![The icycle thief](https://kumkoniak.com/94.jpg)
Inspiring filmmakers across the world as an alternative to expensive Hollywood fantasy, The Bicycle Thief revealed the potential power of combining local concerns with an unflinching cinematic style. An even greater international sensation than his first Neo-Realist film ( Shoeshine (1946)), The Bicycle Thief earned a special Oscar for Best Foreign Film and became a signature work for a movement that also included Bitter Rice (1948), Luchino Visconti's La Terra Trema (1948), and De Sica's Umberto D. Shooting on location with non-professional actors in the two leads (well-coached by actor De Sica), De Sica's mobile camera transforms moments of Antonio's odyssey into poetic images of isolation and despair, while never losing sight of the gritty hardships of quotidian experience. Following the guiding Neo-Realist precept of drawing stories from the daily life of post-war Italy, De Sica and writer Cesare Zavattini carefully interweave a wider view of Italian culture with a portrait of the bond between a father and son, revealing the impact of poverty and bureaucratic absurdities on one of many struggling families. Bicycle Thieves may seem like an improbable gateway to the glamorous golden age of Italian cinema, the starry, sexy cosmos of Loren, Gina Lollobrigida and La Dolce Vita, but sensuality.

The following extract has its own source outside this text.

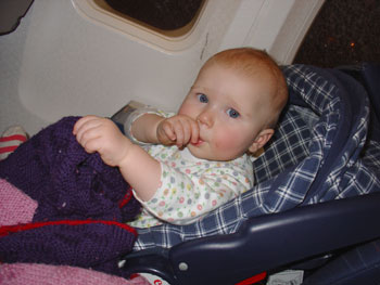 The kids were so funny on the flight back home! Wee one squirmed unhappily in her wee seatbelt (so cute) but once she was in her baby basinette, she played with a screw in the wall for about twenty minutes and then passed out. Phew!
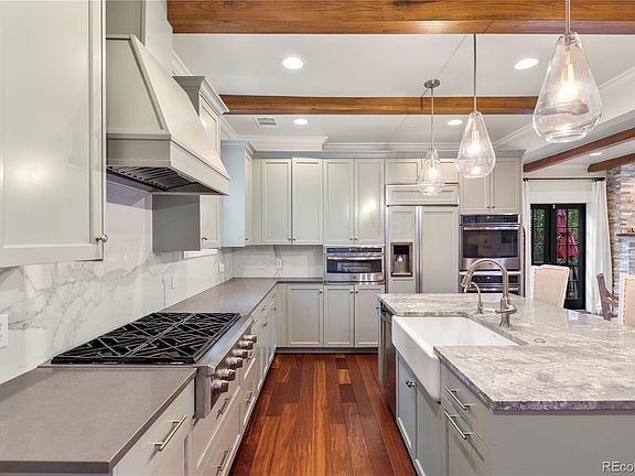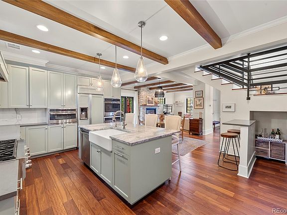 Nestled in the highly desirable Sunnyside neighborhood, this exquisite 4-bedroom, 3-bathroom home masterfully blends timeless charm with contemporary sophistication. Fully renovated, this home integrates its original features with modern luxury for an unparalleled living experience. Upon entry, you're greeted by hardwood floors that flow seamlessly through the open-concept living and dining areas. The living room exudes elegance, with exposed brick walls, striking wood beams, and a beautiful gas fireplace as the focal point. The magazine-worthy kitchen features custom cabinetry, luxurious Quartzite countertops, and high-end GE appliances, including a double oven. A spacious pantry adds both function and style to the space. Upstairs, the home offers three beautifully appointed bedrooms, with the expansive primary suite serving as a true sanctuary. Vaulted ceilings, exposed brick, and a walk-in closet complete the space. The en-suite bath is designed for relaxation, offering a large soaking tub, a tiled walk-in shower, and dual vanities. The secondary bath is equally stunning, with finishes that match the primary suite’s high-end style. The newly renovated lower level offers flexible living spaces, adaptable as a home office, non-conforming bedroom, or entertainment area. One of the basement’s highlights is the hidden door that leads to your very own private speakeasy. The backyard is an entertainer’s paradise, featuring a grilling station, dining area, and multiple seating zones. Exterior lighting on both floors and backlit trees create a magical ambiance at night. The gas grill and outdoor wine fridge enhance the al fresco experience, while the full irrigation system ensures the lush landscaping remains low-maintenance. With all-new windows, electrical, and plumbing, this home combines modern efficiency with timeless character. A rare find that blends sophistication and thoughtful design—don’t miss your chance to own this exceptional home.

![the icycle thief the icycle thief](https://cdn.shopify.com/s/files/1/0037/8008/3782/products/italian_1sh_bicycle_thief_R19_EB08824_B_bb830475-b10e-4e67-89e1-3af226ad32b3-741601_1024x1024@2x.jpg)
![the icycle thief the icycle thief](https://www.highbrowmagazine.com/sites/default/files/2bicyclethieves.jpg)
Though not the first Italian Neo-Realist film seen outside of Italy (or even Vittorio De Sica's first Neo-Realist work), The Bicycle Thief (1948) is considered the seminal film of the movement, alongside Roberto Rossellini's Rome, Open City (1945).